Return, exactly as written, the lines of the material from its top through the line with "A young boy", keeping pictures out.

-- STUDY MATERIAL follows --

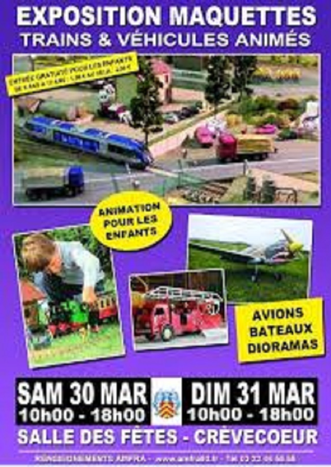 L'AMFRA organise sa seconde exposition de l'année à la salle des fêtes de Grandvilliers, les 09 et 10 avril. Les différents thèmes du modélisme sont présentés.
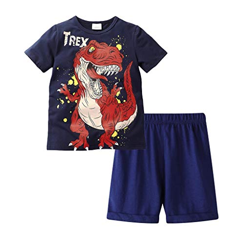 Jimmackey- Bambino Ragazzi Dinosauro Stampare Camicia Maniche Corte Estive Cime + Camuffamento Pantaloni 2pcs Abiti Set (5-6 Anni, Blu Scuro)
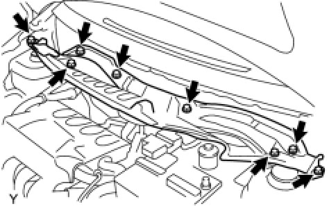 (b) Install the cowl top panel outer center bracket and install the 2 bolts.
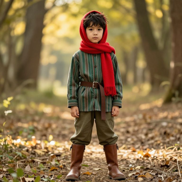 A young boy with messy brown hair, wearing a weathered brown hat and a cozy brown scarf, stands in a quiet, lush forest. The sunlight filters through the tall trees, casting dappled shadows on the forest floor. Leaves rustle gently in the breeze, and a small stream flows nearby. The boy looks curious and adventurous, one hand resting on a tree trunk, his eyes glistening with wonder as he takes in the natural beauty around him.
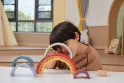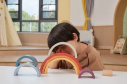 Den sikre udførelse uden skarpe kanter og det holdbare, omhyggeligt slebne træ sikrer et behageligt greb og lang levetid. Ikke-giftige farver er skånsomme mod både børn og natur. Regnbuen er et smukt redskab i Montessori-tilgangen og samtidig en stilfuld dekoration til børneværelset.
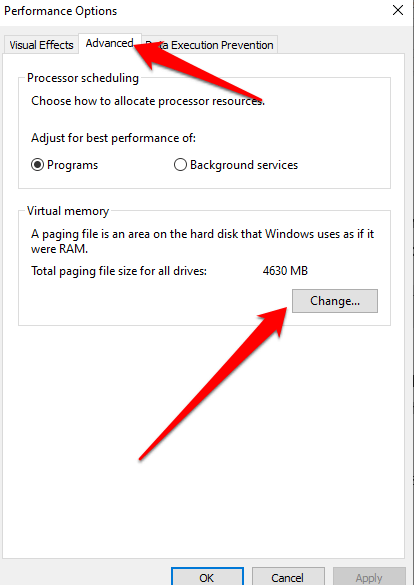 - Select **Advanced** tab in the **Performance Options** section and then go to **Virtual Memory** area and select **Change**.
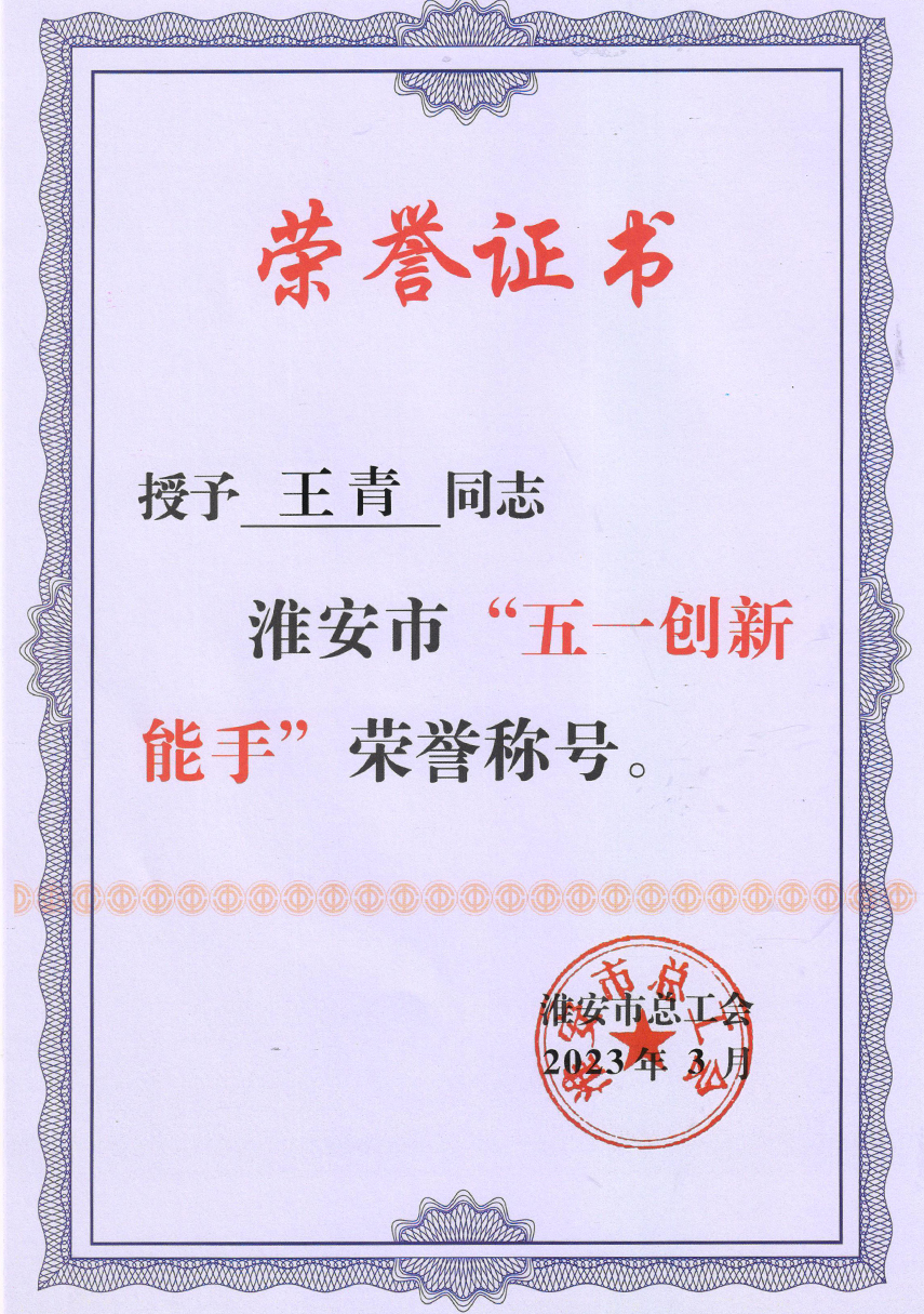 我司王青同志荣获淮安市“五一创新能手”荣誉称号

-- STUDY MATERIAL concluded --

* RESULT:
 L'AMFRA organise sa seconde exposition de l'année à la salle des fêtes de Grandvilliers, les 09 et 10 avril. Les différents thèmes du modélisme sont présentés.
 Jimmackey- Bambino Ragazzi Dinosauro Stampare Camicia Maniche Corte Estive Cime + Camuffamento Pantaloni 2pcs Abiti Set (5-6 Anni, Blu Scuro)
 (b) Install the cowl top panel outer center bracket and install the 2 bolts.
 A young boy with messy brown hair, wearing a weathered brown hat and a cozy brown scarf, stands in a quiet, lush forest. The sunlight filters through the tall trees, casting dappled shadows on the forest floor. Leaves rustle gently in the breeze, and a small stream flows nearby. The boy looks curious and adventurous, one hand resting on a tree trunk, his eyes glistening with wonder as he takes in the natural beauty around him.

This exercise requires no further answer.